─── AVAILABLE DATA

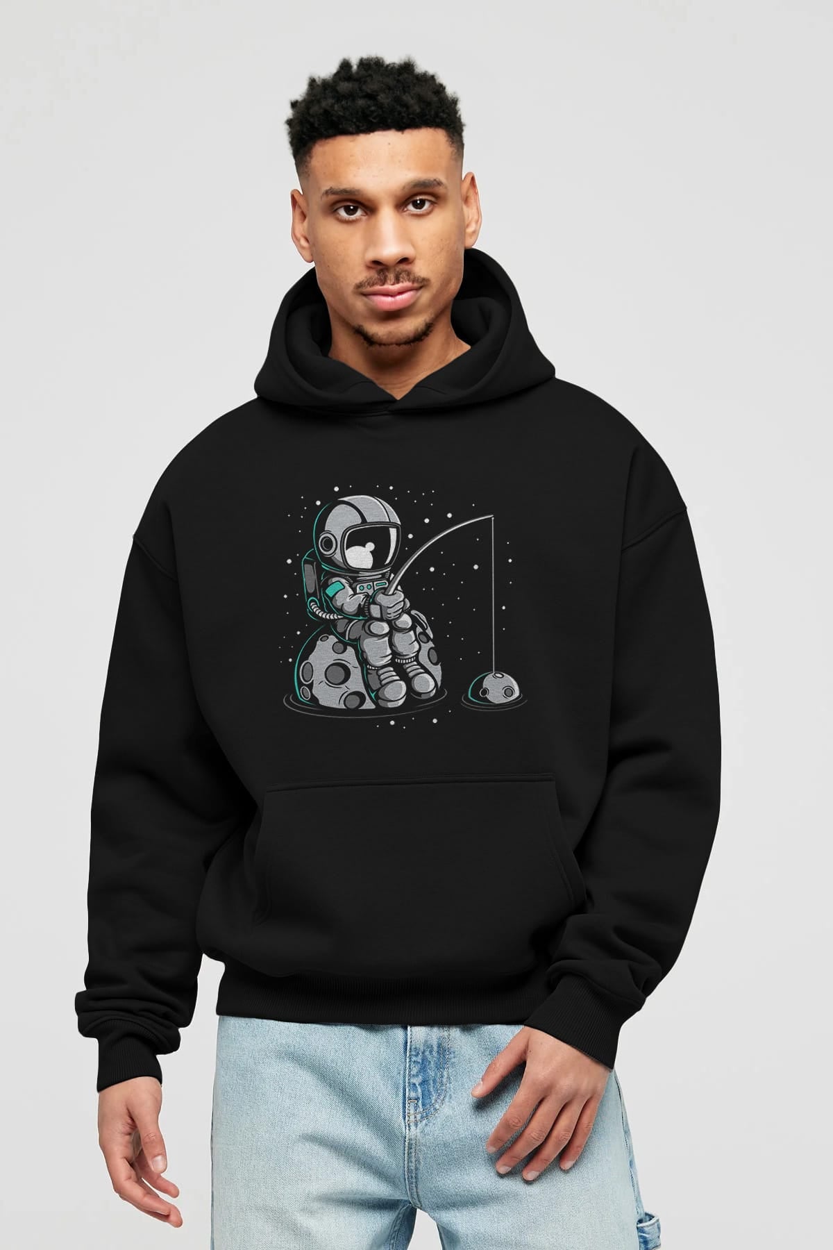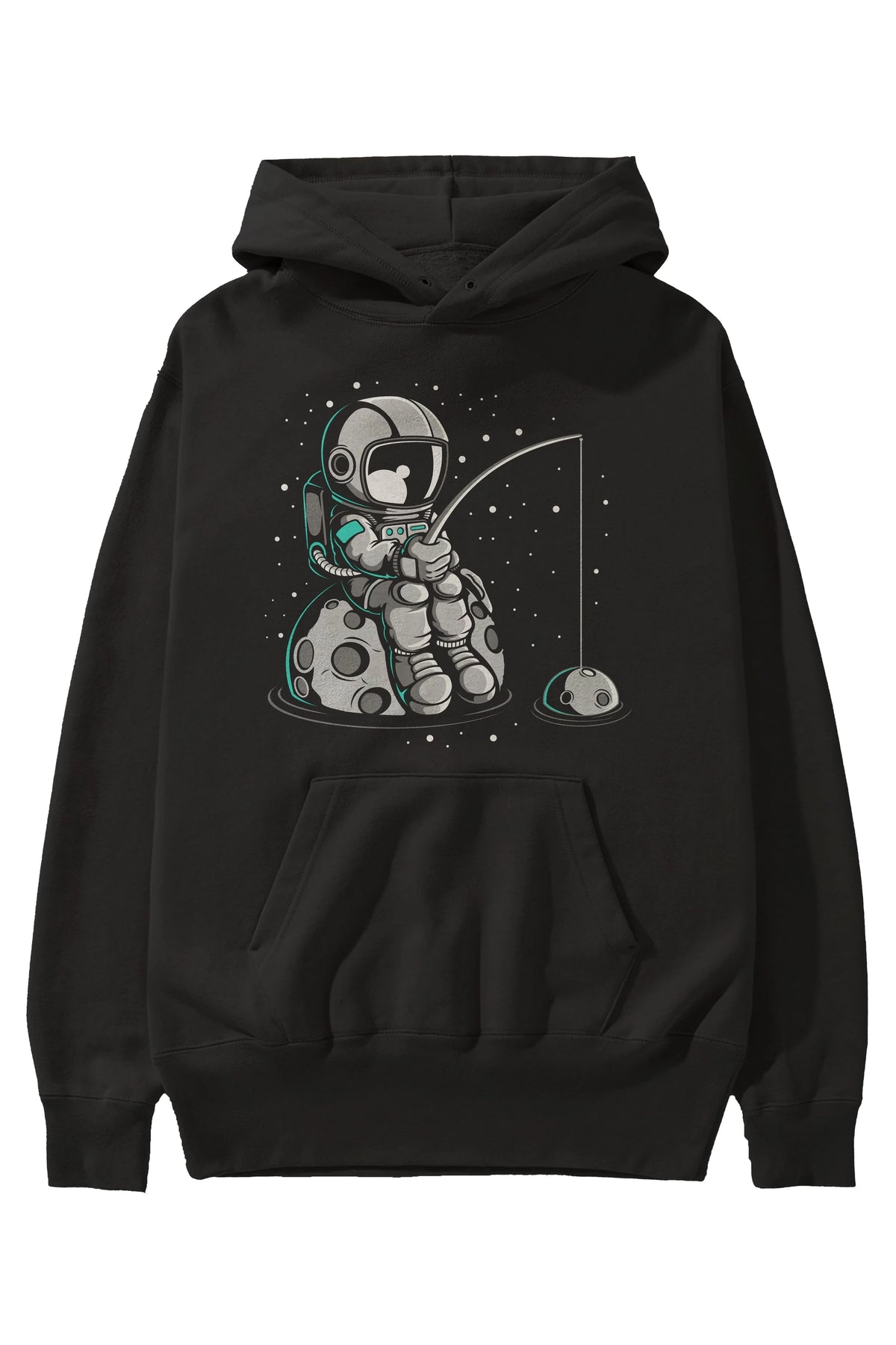Astronaut Fishing Ön Baskılı Hoodie Oversize Kapüşonlu Sweatshirt Erkek Kadın Unisex
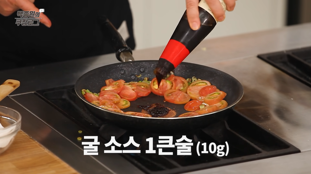 프라이팬 바닥에 진간장, 굴 소스를 넣고 누르듯이 볶아준다.
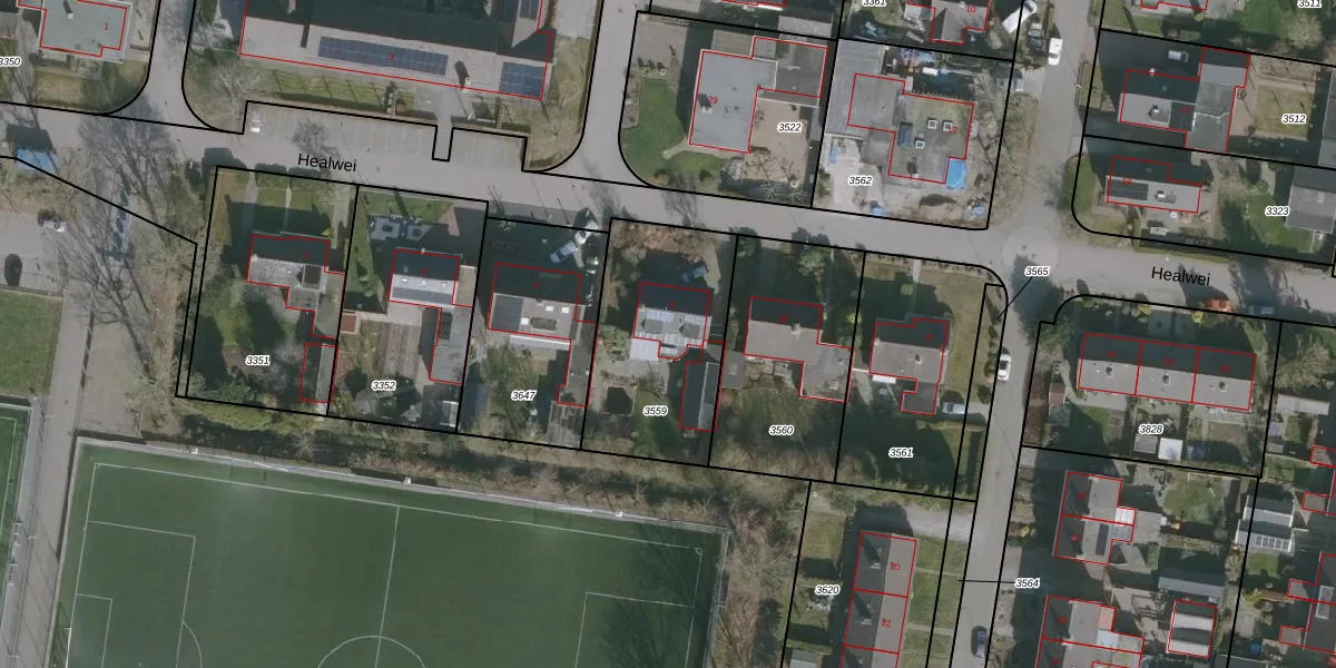 Het perceel waarop Healwei 8 staat heeft een oppervlakte van 671 m². Dit is een groot perceel. De perceeloppervlakte wordt geregistreerd door het Kadaster. Gedetailleerde informatie over de maten van dit perceel kunt u vinden in het rapport Kadastrale kaart met maatvoering van Healwei 8.

──────

## PROBLEM TO SOLVE:
All the lines above need to be repeated exactly, with no pictures carried over.

## SOLUTION TO THE PROBLEM:
Astronaut Fishing Ön Baskılı Hoodie Oversize Kapüşonlu Sweatshirt Erkek Kadın Unisex
 프라이팬 바닥에 진간장, 굴 소스를 넣고 누르듯이 볶아준다.
 Het perceel waarop Healwei 8 staat heeft een oppervlakte van 671 m². Dit is een groot perceel. De perceeloppervlakte wordt geregistreerd door het Kadaster. Gedetailleerde informatie over de maten van dit perceel kunt u vinden in het rapport Kadastrale kaart met maatvoering van Healwei 8.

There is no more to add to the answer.